The "better question" might be "why do we continue to build NP carriers when every other ship in the world is conventionally or "hybrid" powered?".
Despite all of the "Kool-Aid"we've all drunk over the decades about the advantages of nuclear power, here's just a couple of factoids for your consideration:
1. Kool-Aid: CVNs can generate more sorties than any other platform:
During DESERT STORM, where there were a total of 6 CV(N)s in the fight, the carrier with the "highest number of combat sorties during the campaign" was USS MIDWAY....operating with only two...count 'em, TWO...catapults. And that was with 4 days "inport" for re-application of non-skid on the flight deck.
2. Kool-Aid: CVNs can deliver more ordnance than any other platform:
During DESERT STORM, the "highest tonnage" [only metric that seems applicable...] was dropped by USS RANGER: Conventionally powered, and armed with a weird "All Grumman" air wing of only Tomcats and Intruders and Prowlers (yeah, Vikings, too...). Go figure.
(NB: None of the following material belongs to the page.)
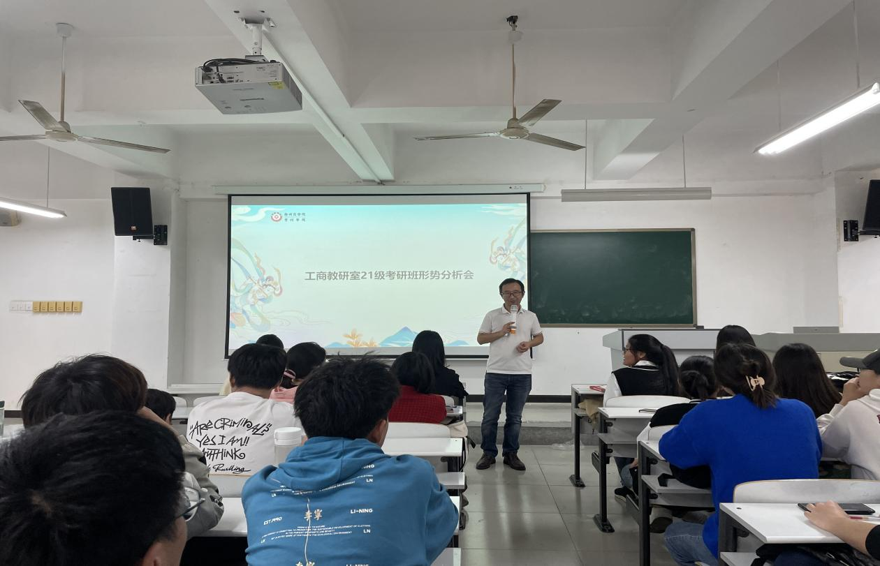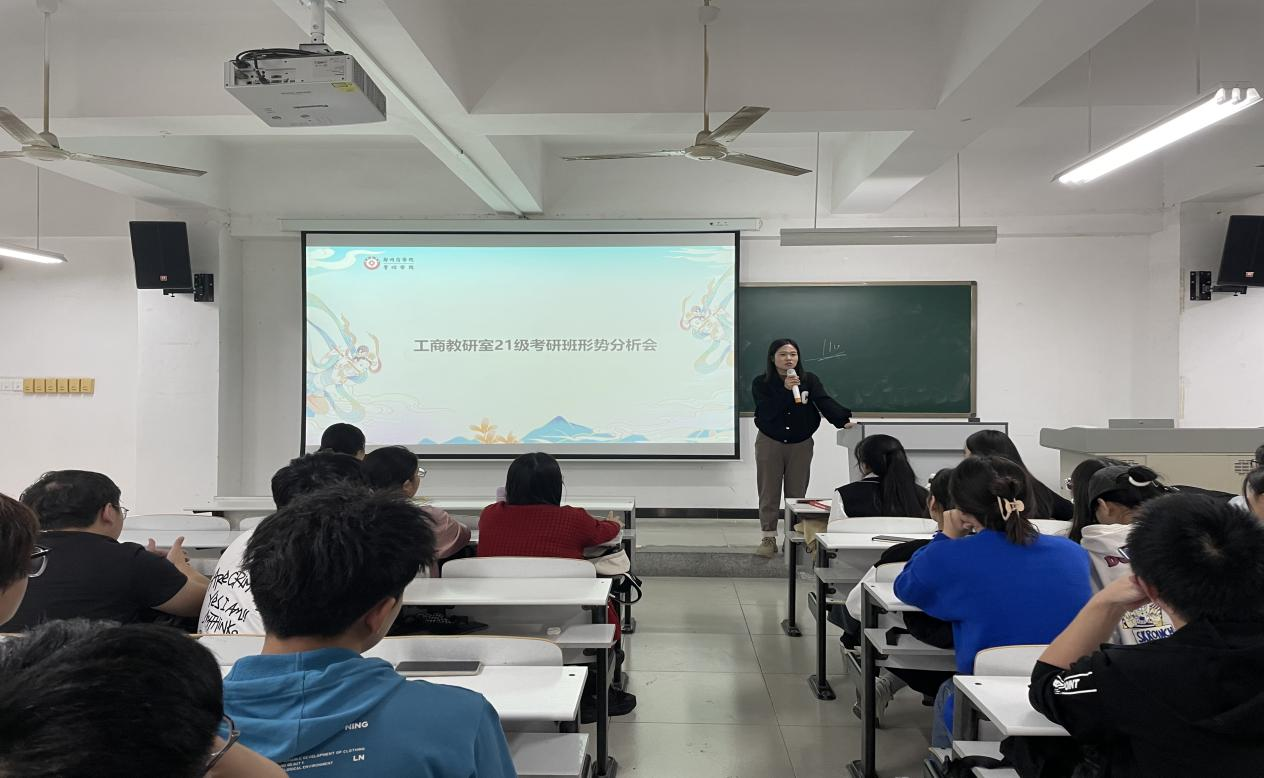 为了对近年来管理学院工商管理专业考研情况展开深入讨论,并引导2021级工商管理专业学生做好未来的学业发展规划,管理学院工商管理教研室于2023年10月31号下午5点在2301教室顺利召开2021级本科生考研分析指导会,工商管理教研室主任黄信恒、考研指导教师苗瑞洲、辅导员张勤英以及21级工商管理专业考研全体学生参加会议。

3. Kool-Aid: Only NP warships can "sprint to the action" in time of need:
Probably true, assuming they want to leave the rest of the CSG and the entire logistics pipeline far behind. Has this "presumed capability" ever meant diddley-squat to world event or US foreign policy?
I would offer the postulate (open for discourse...) that perhaps we have become "so committed" to the concept of nuclear-powered aircraft carriers that we cannot be dissuaded from potentially better alternatives...that ought to be discussed, if not explored.